Example of the first two lines of a source file:

Antoine de Saint-Exupéry
<h1>Der Kleine Prinz</h1><delimiter>Ins Deutsche übertragen von Grete und Josef Leitgeb

If no information on author and/or book title is needed, leave the <delimiter> tag in the line 1 and/or 2. These two lines are not included in the book body which always starts with the line 3.

<delimiter>
<delimiter>

Do not leave the lines empty, because any empty line is eliminated from the result file! It may leed to the unexpected paragraphs shift.

Book body

Book body consists of the paragraphs (called articles in the code) divided by line breaks (\n). The <delimiter> tag is used if the line break is typed inside the article but alignment shoud not be disturbed. Besides, there are HTML-like tags: <h1></h1>, <b><\b>, <i></i> which stand for headers, bold and italic styles respectively.
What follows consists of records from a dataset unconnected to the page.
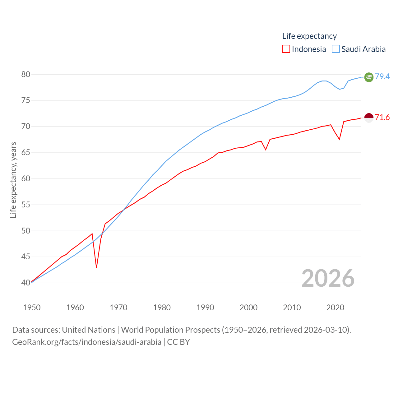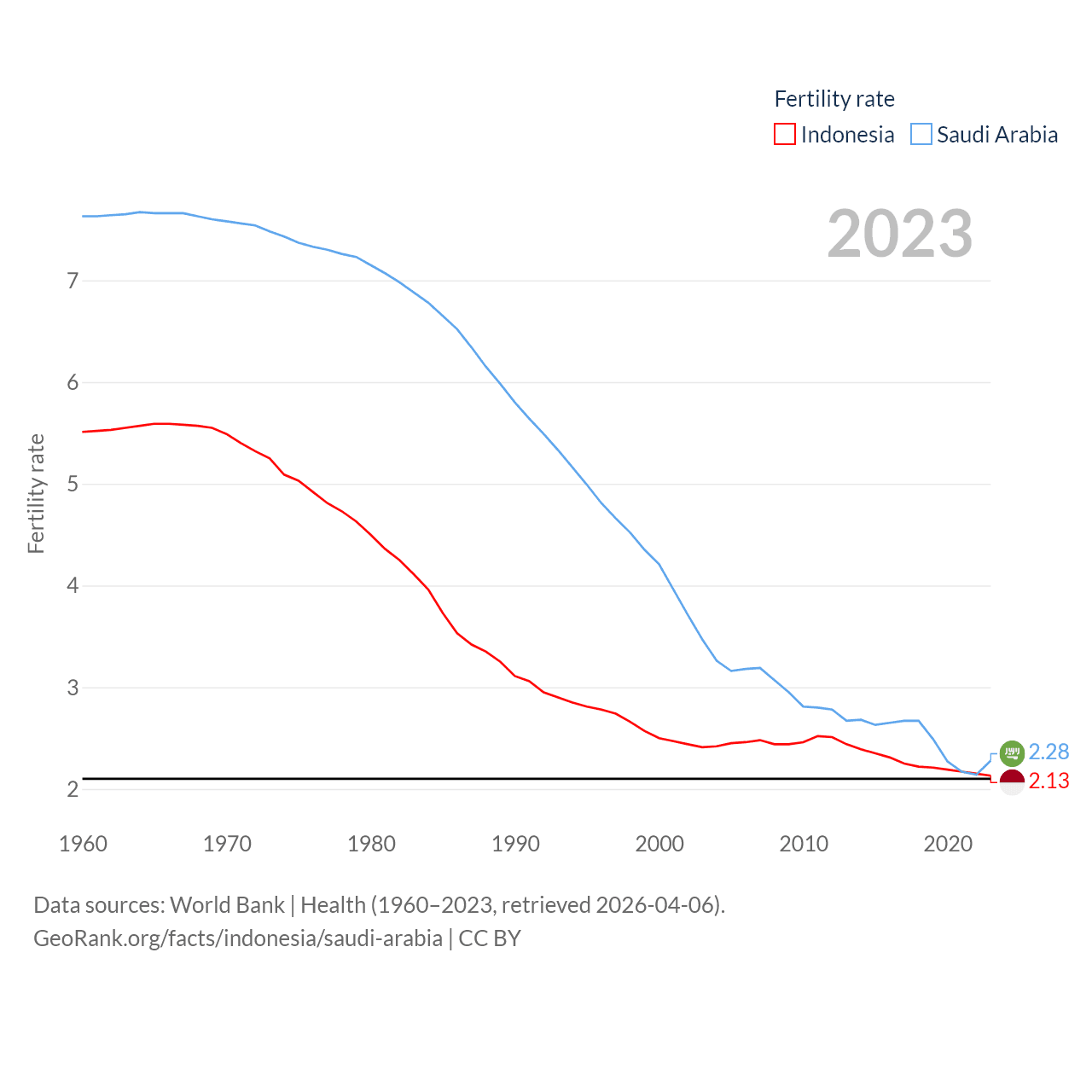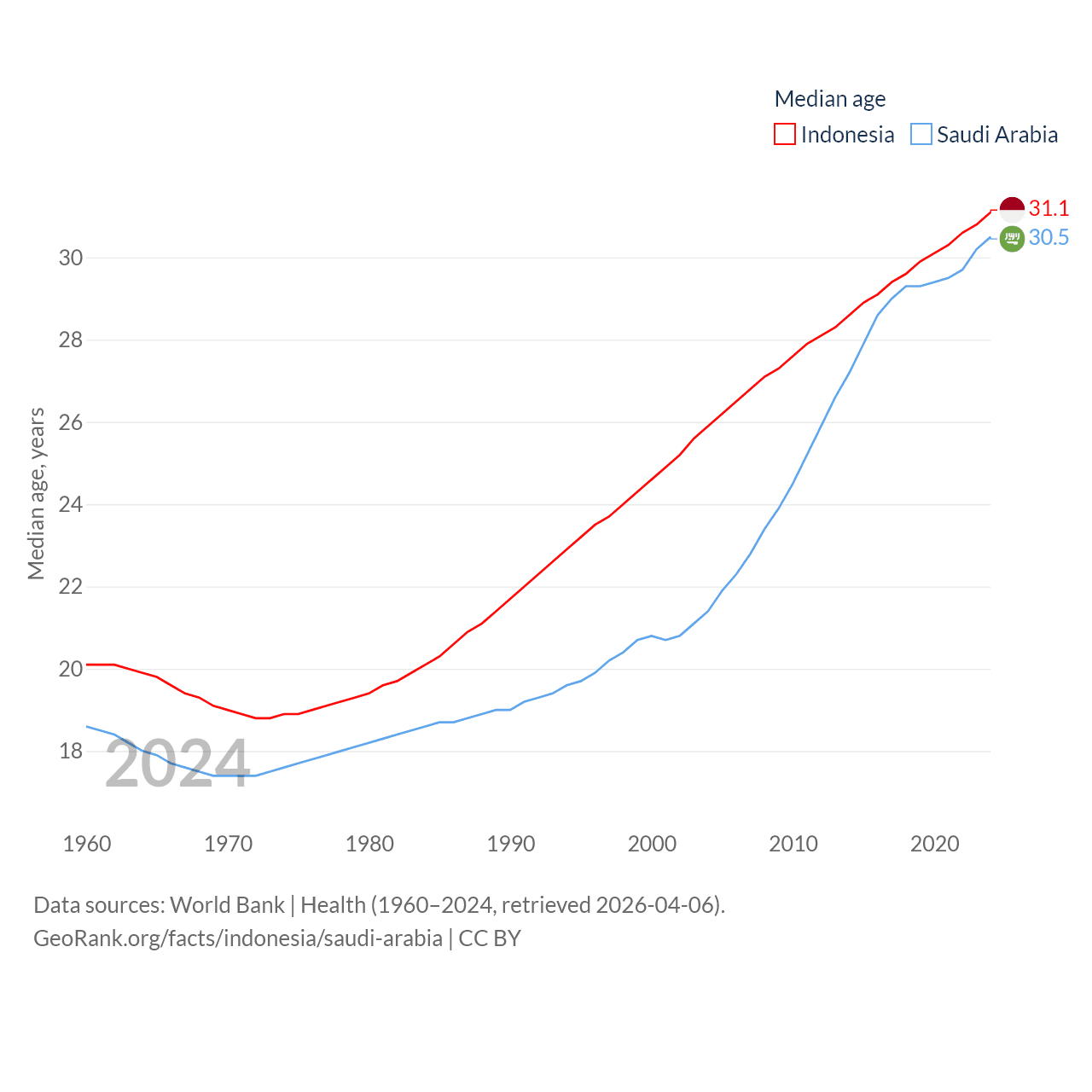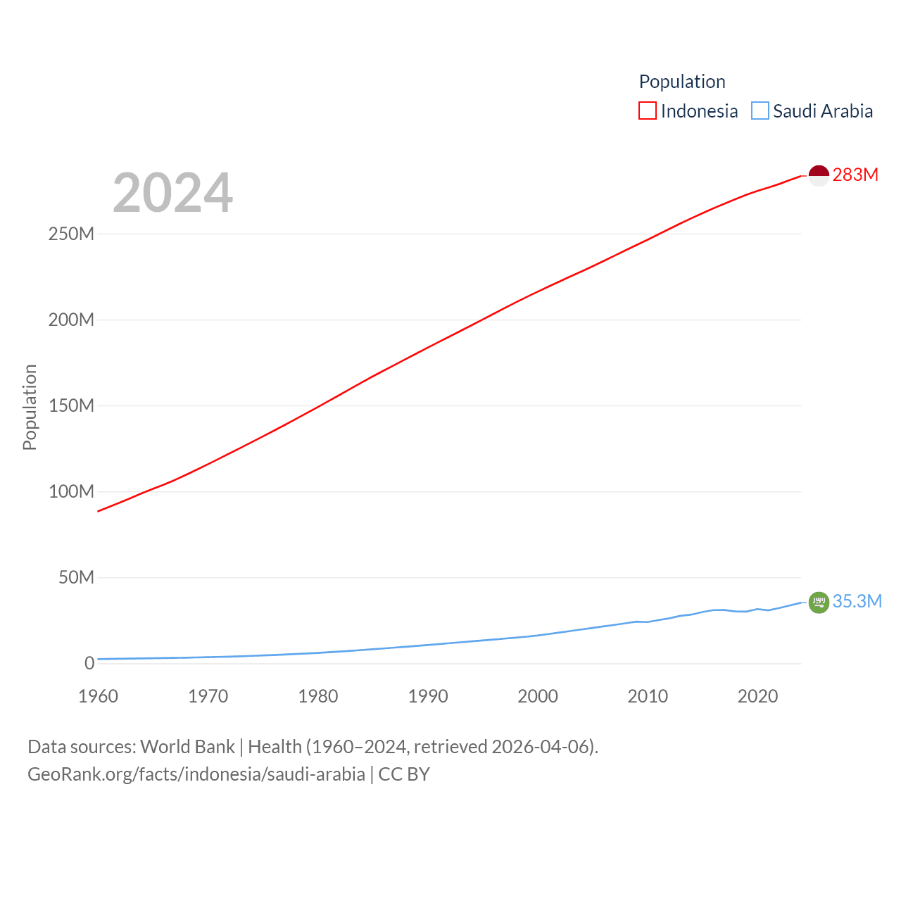 Indonesia has a population of 283M (ranked 4/197), compared with 35.3M in Saudi Arabia (ranked 45/197). Indonesia's land area is 730,720 sq mi versus 830,000 sq mi for Saudi Arabia (ranked 14th vs. 12th).
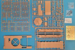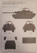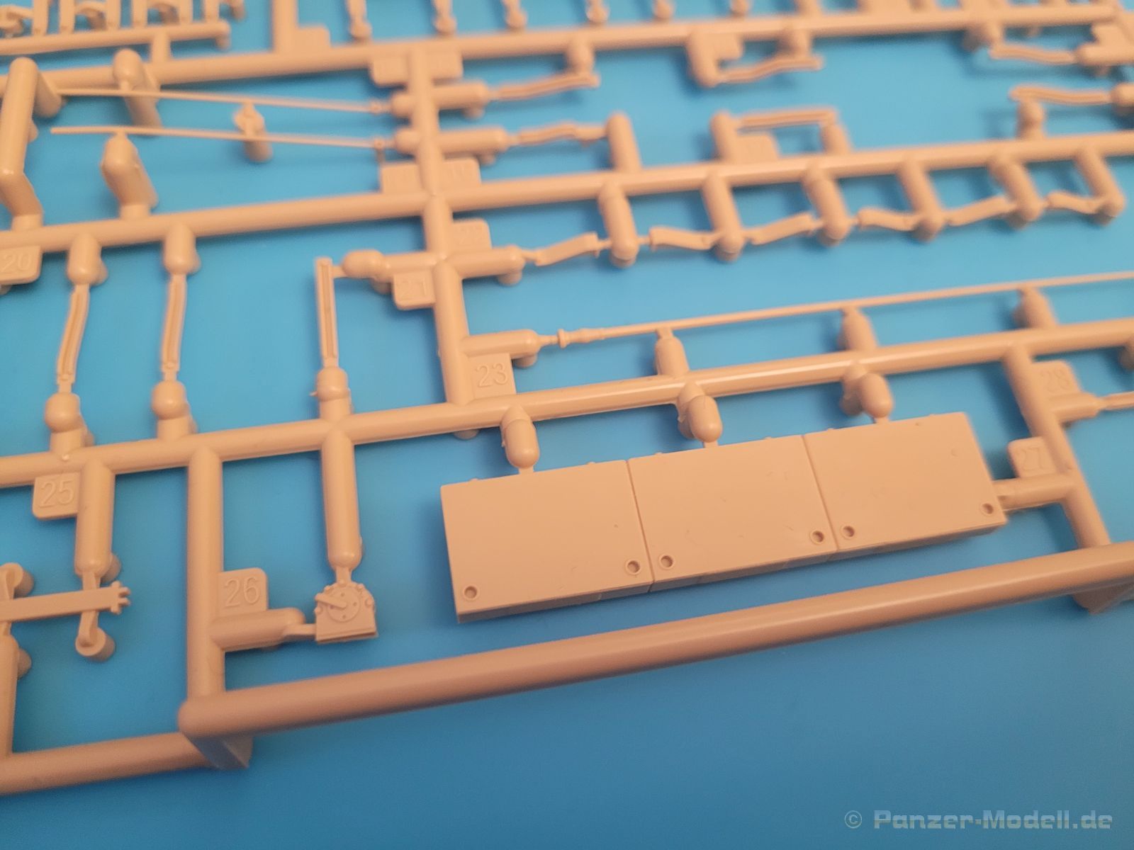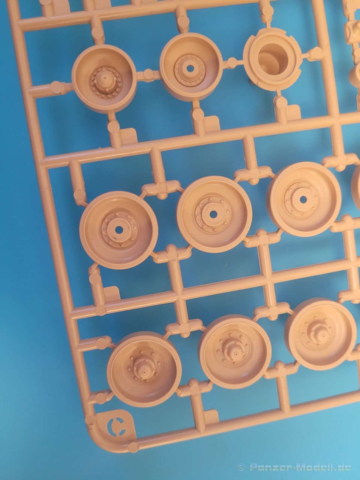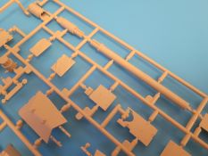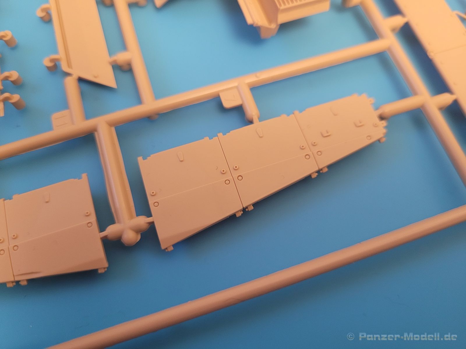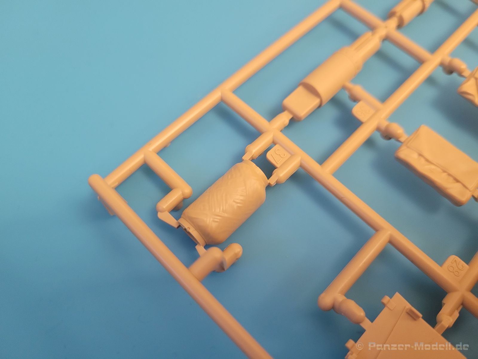 Der Leopard 2A6M CAN ist die kanadische Variante des Kampfpanzers mit Minenschutz Leopard 2A6M. Die ersten 20 Panzer dieser Variante wurden 20 von der deutschen Bundeswehr geliehen, um die Feuerkraft und den Schutz der im Süden Afghanistans operierenden kanadischen Truppen zu erhöhen. Die geliehenen Panzer trugen deutsche MG3 Maschinengewehre und erhielten eine SLAT Abstandspanzerung. Zum Modell: Beim Öffnen des stabilen Stülpkartons finden wir: - Sechzehn Spritzlinge in einem schönen beigen Plastik An den Spritzlingen sind augenscheinlich weder Fischhaut, Grat oder Sinkstellen zu finden, noch sind auffällige Auswerfermarken an später sichtbaren Stellen zu erkennen. Die Unterwanne setzt sich aus mehreren Teilen zusammen, was zum sauberen Arbeiten zwingt. Hier sollte man IMMER trockenanpassen, damit eine optimale Passung gewährleistet ist. An Ober- und Unterwanne sind sehr schöne gestaltete Schweißnähte nachgebildet, wie auch schon bei anderen Bausätzen dieser Marke mit die besten und filigransten welche es bisher in Spritzguss gab. Sämtliche Griffe an der Oberwanne, und davon gibt es viele, sind als Fotoätztele vorhanden. Wer mich kennt, weiß dass ich da sehr kritisch bin, hier frage ich mich nur: WARUM? Die einzelnen Schwingarme des Laufwerks befinden sich auf Drehstäben, diese werden in die Unterwanne eingesteckt und verklebt. Die Erfahrung zeigt, dass sich sich hier eine gute Federung ergibt. Die Laufrollen setzten sich aus den zwei Einzellaufrollen zusammen, welche in der Mitte ein Polycap erhalten. So bleiben auch die Laufrollen beweglich und können zur Bemalung abgenommen werden. Die Ketten befinden sich an drei eigenen Gussästen. Diese bestehen aus je zwei Bolzen mit angegossenen Endverbindern, welche in die Unterseite der einzelnen Kettenglieder gelegt werden, welche sich in einer Montagehilfe befinden. Dann wird das Oberteil des Kettengliedes mit wenig Klebstoff auf das Unterteil geklebt und die Kette bleibt beweglich. Ein recht einfaches, aber effektives System, jedoch ist sauberes Arbeiten hier Pflicht. Für jede Seite werden Dreiundachtzig Kettenglieder benötigt, somit macht der Kettenbau einen Großteil der Arbeit an diesem Bausatz aus. Die SLAT Panzerung macht für Plastikspritzguss einen hervorragenden Eindruck. Der Vergleich mit den vorliegenden Fotos zeigt, das diese fast auf dem Punkt ist. Hier geht es nur noch mit Fotoätzteilen feiner. Der Turm wird mit vielen fein detaillierten Anbauteilen verfeinert, und viele spezielle kanadische Anbauteile werten das Modell auf (Dazu mehr in den Bemerkungen). Die Kanone ist für mich ein Highlight, diese bleibt dank der Polycaps in der Höhe beweglich. Das Rohr wird aus Plastikteilen, einem kleinen Fotoätzteil zusammengebaut und einer fein in 3D gedruckten Mündung zusammengesetzt. Das Ergebnis sieht absolut überzeugend aus, zumal der Rauchabsauger eine realistische Oberflächenstruktur aufweist. Die klar strukturierte Bauanleitung führt in nur fünfunddreißig Schritten zum fertigen Modell und ist nicht überladen. Als Markierungsvarianten steht ein Fahrzeug zur Auswahl. 2007/ 2010 Kandahar Provinz/ Afghanistan, 3rd Canadian Division, 1st Canadian Mechanized Brigade Group, Lord Strathcona's Horse (Royal Canadians)
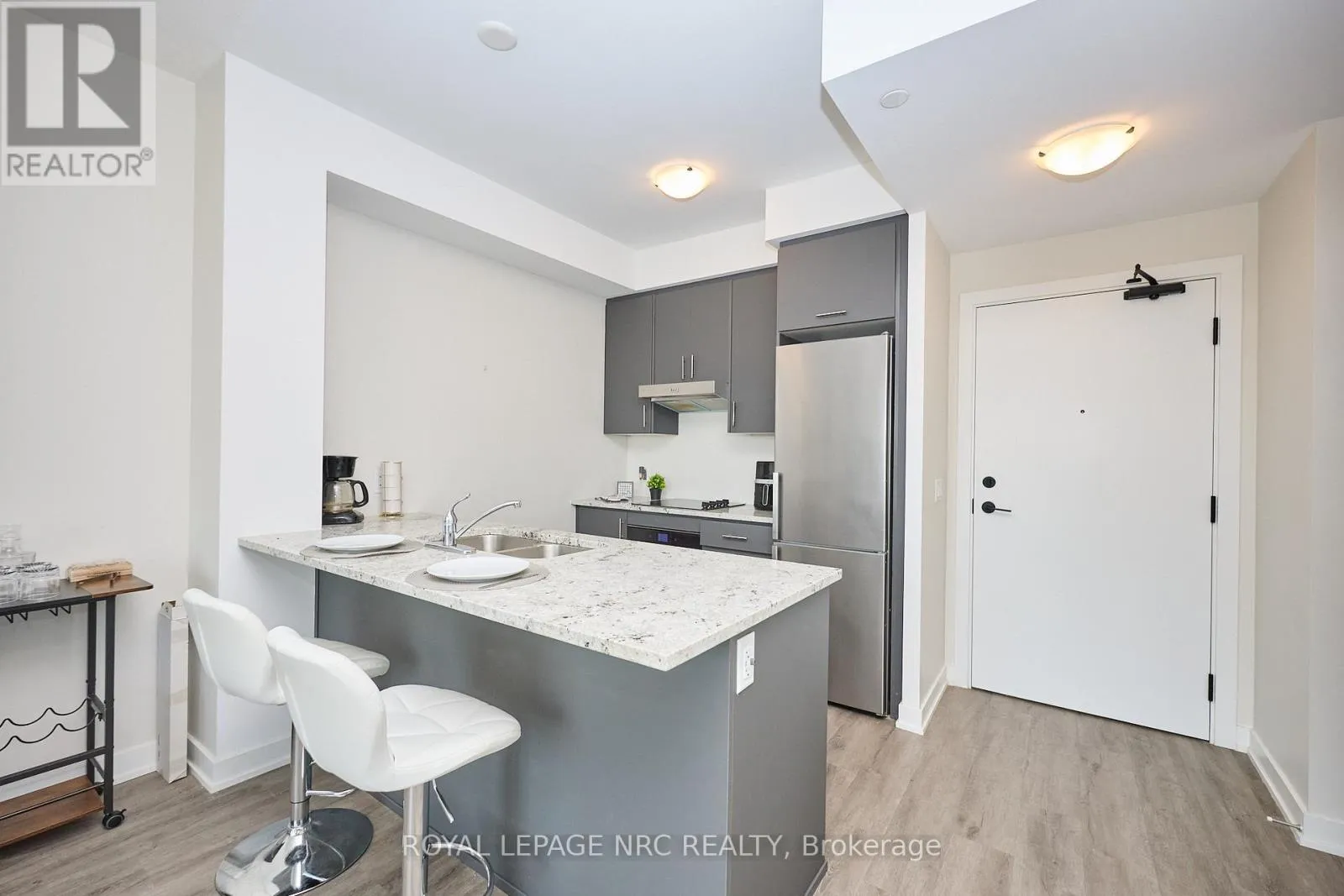 Cross Streets: QEW Fruitland. ** Directions: QEW to Fruitland to North Service Road. Experience elevated condo living in this beautifully designed suite built by the renowned DeSantis Homes in the COMO Building. Featuring a spacious open-concept layout, this residence is adorned with chic finishes and large windows that flood the space with natural light. The kitchen is both stylish and functional, complete with a breakfast bar perfect for casual dining, while in-suite laundry adds everyday convenience. Step outside to a generously sized balcony that offers additional living space ideal for relaxing or entertaining. This unit includes a dedicated underground parking spot and a private storage locker, offering both security and convenience for your lifestyle. Residents enjoy access to an impressive array of building amenities, including a rooftop terrace with breathtaking views of Lake Ontario, outfitted with BBQs, loungers, and a welcoming seating area. Pet lovers will appreciate the on-site dog park and pet grooming spa, while the media room and party room provide space for social gatherings and entertainment. Located in a prime spot for commuters, this home is just minutes from the QEW and within walking distance to the lake, blending convenience with lifestyle in one exceptional package. (id:27476)
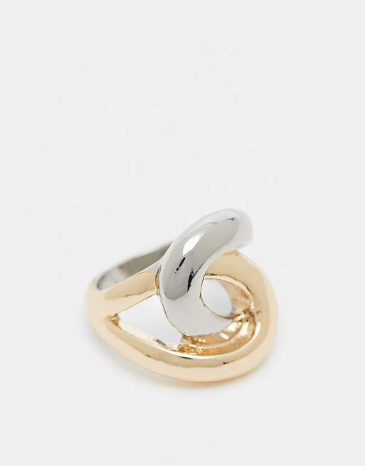 ASOS DESIGN two-tone ring with interlocking design in silver and gold tone
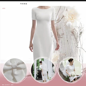 小个子宴会晚礼服女白色短款蕾丝连衣裙名媛生日平时可...
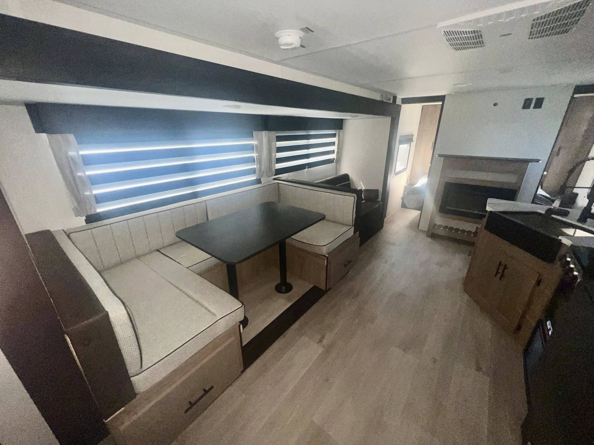 Outdoor kitchen with refrigerator, grill/griddle, ice maker, and water access
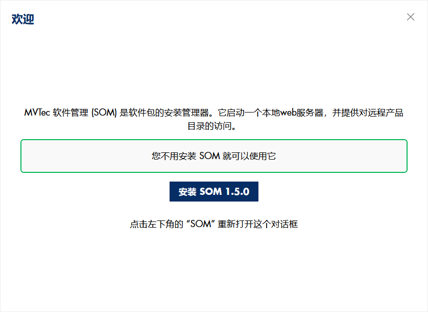 如果您想安装 SOM,单击“安装”按钮。如果您想稍后安装 SOM,但启动 SOM 时不再显示此对话框,可以通过单击浏览器窗口底部的“SOM 1.4”从 MVTec Software Manager 网站重新打开该对话框。

Illustrations can be added while creating the FB2 and EPUB files with the help of Bilingual Formats scripts. For this, move all the illustrations to one directory, name them as natural arabiс numbers like here. We do not garantee if the script works correctly in case other symbols are provided in the file names. Add <imgℕ> tags to your source files, where is the natural arabic number. The entire article should contain the only tag and nothing else, for example, <img1>. If two corresponding articles contain the <imgℕ> tag with the same number, the illustration will be added only once.